I am reading through this notes on quaternions. I am trying to understand how they work as rotations as long as their norm is always 1.
First, in page 4 above the figure, the quaternion rotation operator is defined as follows
$$q = \cos(\theta) + u\sin(\theta)$$
But later, in equation 4 it is defined with half the angle: $$q = \cos(\frac{\theta}{2}) + u\sin(\frac{\theta}{2})$$ Is this a mistake or are they telling the same?
It doesn't matter if your quaternion has norm $1$ or not. It always induces a rotation on the subset of pure quaternions.
This is because if $q$ is nonzero, $qxq^{-1}=\frac{|q|}{|q|}qxq^{-1}=\frac{q}{|q|}x\left(\frac{q}{|q|}\right)^{-1}$ and of course $\frac{q}{|q|}$ is a unit quaternion.

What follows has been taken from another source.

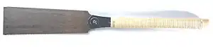 - Japanese saw (鋸, nokogiri), which cuts on the pull stroke, rather than the otherwise globally prevalent push stroke. This allows the blades to be quite thin in comparison to the Western saw. There are two main kinds of cutting teeth on Japanese saws: crosscut (横挽き, yokobiki) and rip (縦挽き, tatebiki). The rip and crosscut are combined in one blade, known as a ryoba (両刃, lit. 'dual edge'). The rip and crosscut patterns are also made in single-edged saws, kataha nokogiri (片刃), both with stiffening back pieces and without. The stiff-backed saws, known as douzuki (胴付き, lit. 'attached trunk') are typically used in cutting fine joinery. There are many other types of Japanese saws as well: osae-biki (押さえ引き鋸, lit. 'press-cut saw'), used for flush-cutting pegs to a surface without marring the surface. The saw teeth have no set to one or both sides to accomplish this feat. There is the azebiki (畔挽き, lit. 'ridge saw'), which has cutting both rip and crosscut teeth, and is short and rounded in profile. It is used for sawing in confined areas and starting cuts in the middle of surfaces. There are many other types and sub-types of saw. Most saws sold in the West are mass-produced items with induction-hardened teeth and relatively cheap replaceable blades. The handmade forged saws are very laborious to make and involve more manufacturing steps in the forging to complete than planes or chisels.

So saying "it's a rotation as long as it's a unit quaternion" does not really carry any weight.
But choosing a unit-length representative reduces the number of quaternions being considered all the way down to two (instead of uncountably many.) In fact one can go a step further and insist that the real part is positive to get a single representative for a nontrivial rotation.

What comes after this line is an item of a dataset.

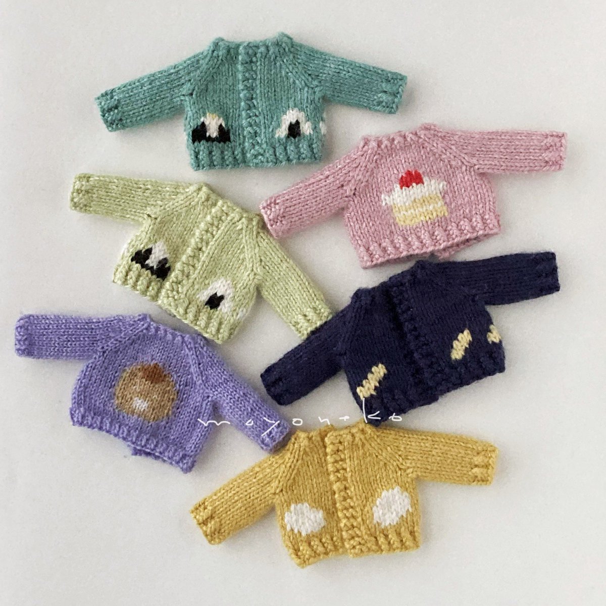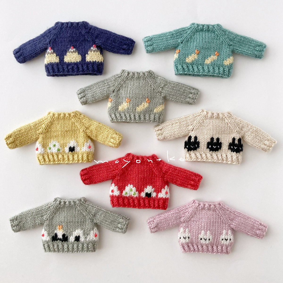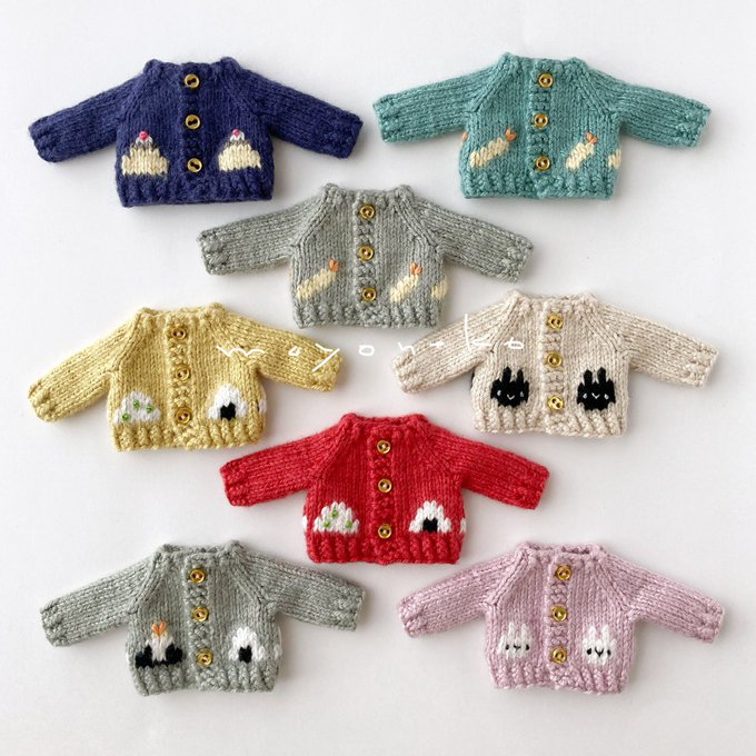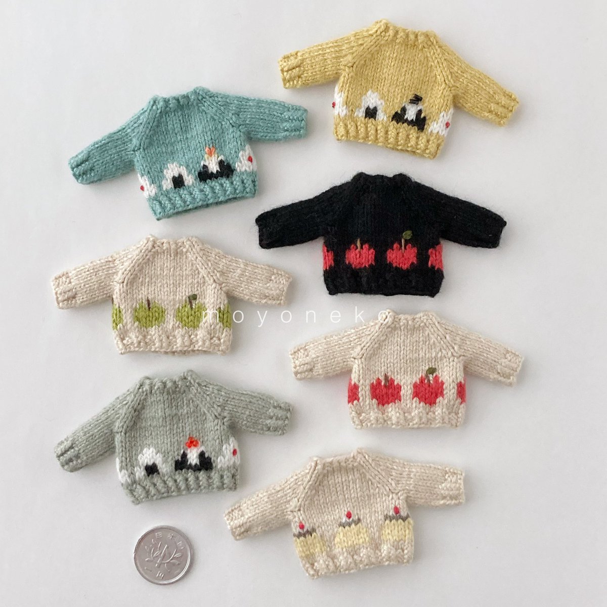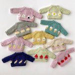 編み上がっていたちびセーターたちを仕上げましたー! 楽しい食べ物柄を揃えております🍙 細かくてわかりにくいのですが後ろのボタンも柄に合わせてひとつひとつ作りました #オルソのおいしい雑貨店

Strictly speaking, there is no mistake, but there is an awkwardness being caused by using a $\theta$ in both places. The question is "how is $\theta$ related to the angle of rotation caused by the unit quaternion?"
One could write $q=\cos(\theta)+u\sin(\theta)$ with $\theta\in [0,\pi/2]$ and rightly say "it rotates by an angle of $2\theta$".

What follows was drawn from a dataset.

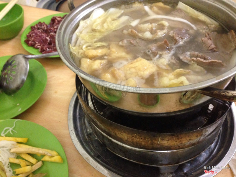 6.8Bò Nhúng Dấm 999 - Thi SáchMùa đông ăn lẩu là sướng nhất. Nhìn bề ngoài quán cũng ko có vẻ gì là đẹp nhưng đồ ăn lại ngon một cách đáng ngạc nhiên. Nhà mình gọi 2 nồi lẩu cùng thịt bò tái & chín, cuống tim, rau, đồ cuốn, khoai lang kén & trà đá, tổng thiệt hại khoảng 100k/ng. Nước lẩu có vị chua ngọt rất ngon miệng làm cả nhà mình ăn ko còn 1 giọt. Ngoài ra quẩy ở đây cực kỳ to & giòn, hơn hẳn mấy loại quẩy ăn phở. Bù lại, rau khá ít, chỉ có đúng cải thảo để cho vào lẩu, còn lại là xà lách, rau mùi để cuốn thịt. Nhân viên nhanh nhẹn, phục vụ tốt. ...Xem thêm

OR one could have written $q=\cos(\theta/2)+u\sin(\theta/2)$ with $\theta\in [0,2\pi]$ to begin with and said "this rotates by an angle of $\theta$.
In addition to @rschwieb's explanation, there is always the possibility that two different actions of quaternions (on themselves...) are in play. One is simply by multiplication, the other by conjugation. The latter "doubles" a natural angular parameter...
In summary, one has to figure this out from context... and allow for typos.